RAW DATA:
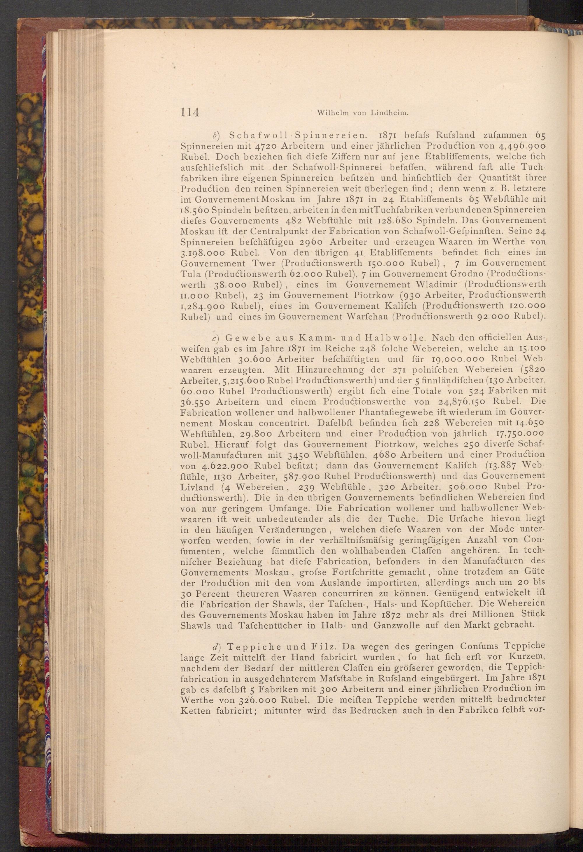 6) Schafwoll Spinnereien. 1871 befafs Rufsland zufammen 65 Spinnereien mit 4720 Arbeitern und einer jährlichen Production von 4,496.900 Rubel. Doch beziehen fich diefe Ziffern nur auf jene Etabliffements, welche fich ausfchliefslich mit der Schafwoll- Spinnerei befaffen, während faft alle Tuchfabriken ihre eigenen Spinnereien befitzen und hinfichtlich der Quantität ihrer Production den reinen Spinnereien weit überlegen find; denn wenn z. B. letztere im Gouvernement Moskau im Jahre 1871 in 24 Etabliffements 65 Webftühle mit 18.560 Spindeln befitzen, arbeiten in den mit Tuchfabriken verbundenen Spinnereien diefes Gouvernements 482 Webftühle mit 128.680 Spindeln. Das Gouvernement Moskau ift der Centralpunkt der Fabrication von Schafwoll- Gefpinnften. Seine 24 Spinnereien befchäftigen 2960 Arbeiter und erzeugen Waaren im Werthe von 3.198.000 Rubel. Von den übrigen 41 Etabliffements befindet fich eines im Gouvernement Twer( Productionswerth 150.000 Rubel), 7 im Gouvernement Tula( Productionswerth 62.000 Rubel), 7 im Gouvernement Grodno( Productionswerth 38.000 Rubel), eines im Gouvernement Wladimir( Productionswerth II.000 Rubel), 23 im Gouvernement Piotrkow( 930 Arbeiter, Productionswerth 1,284.900 Rubel), eines im Gouvernement Kalifch( Productionswerth 120.000 Rubel) und eines im Gouvernement Warfchau( Productionswerth 92.000 Rubel).
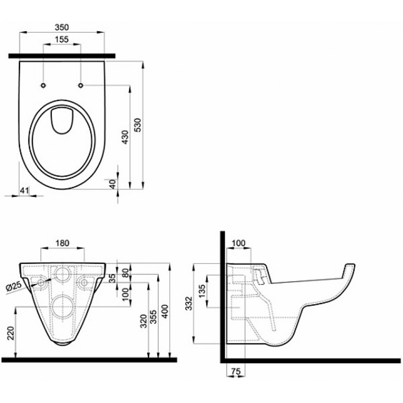 KOLO Nova Pro klozet závesný, oválny, s hlbokým splachovaním, 6 l M33100000- šírka: 35 cm
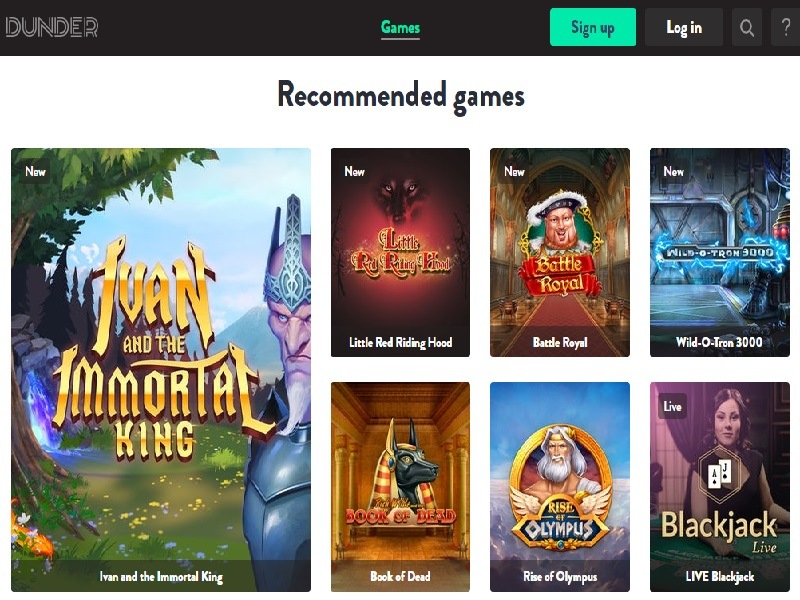 Most casinos focus rather on several basic titles, such as Mega Moolah, Arabian Nights or Mega Fortune, but in Dunder you will find a dozen or so the best titles.

TASK: The preceding listing must be repeated exactly, with all images dropped.

WRITTEN SOLUTION:
 6) Schafwoll Spinnereien. 1871 befafs Rufsland zufammen 65 Spinnereien mit 4720 Arbeitern und einer jährlichen Production von 4,496.900 Rubel. Doch beziehen fich diefe Ziffern nur auf jene Etabliffements, welche fich ausfchliefslich mit der Schafwoll- Spinnerei befaffen, während faft alle Tuchfabriken ihre eigenen Spinnereien befitzen und hinfichtlich der Quantität ihrer Production den reinen Spinnereien weit überlegen find; denn wenn z. B. letztere im Gouvernement Moskau im Jahre 1871 in 24 Etabliffements 65 Webftühle mit 18.560 Spindeln befitzen, arbeiten in den mit Tuchfabriken verbundenen Spinnereien diefes Gouvernements 482 Webftühle mit 128.680 Spindeln. Das Gouvernement Moskau ift der Centralpunkt der Fabrication von Schafwoll- Gefpinnften. Seine 24 Spinnereien befchäftigen 2960 Arbeiter und erzeugen Waaren im Werthe von 3.198.000 Rubel. Von den übrigen 41 Etabliffements befindet fich eines im Gouvernement Twer( Productionswerth 150.000 Rubel), 7 im Gouvernement Tula( Productionswerth 62.000 Rubel), 7 im Gouvernement Grodno( Productionswerth 38.000 Rubel), eines im Gouvernement Wladimir( Productionswerth II.000 Rubel), 23 im Gouvernement Piotrkow( 930 Arbeiter, Productionswerth 1,284.900 Rubel), eines im Gouvernement Kalifch( Productionswerth 120.000 Rubel) und eines im Gouvernement Warfchau( Productionswerth 92.000 Rubel).
 KOLO Nova Pro klozet závesný, oválny, s hlbokým splachovaním, 6 l M33100000- šírka: 35 cm
 Most casinos focus rather on several basic titles, such as Mega Moolah, Arabian Nights or Mega Fortune, but in Dunder you will find a dozen or so the best titles.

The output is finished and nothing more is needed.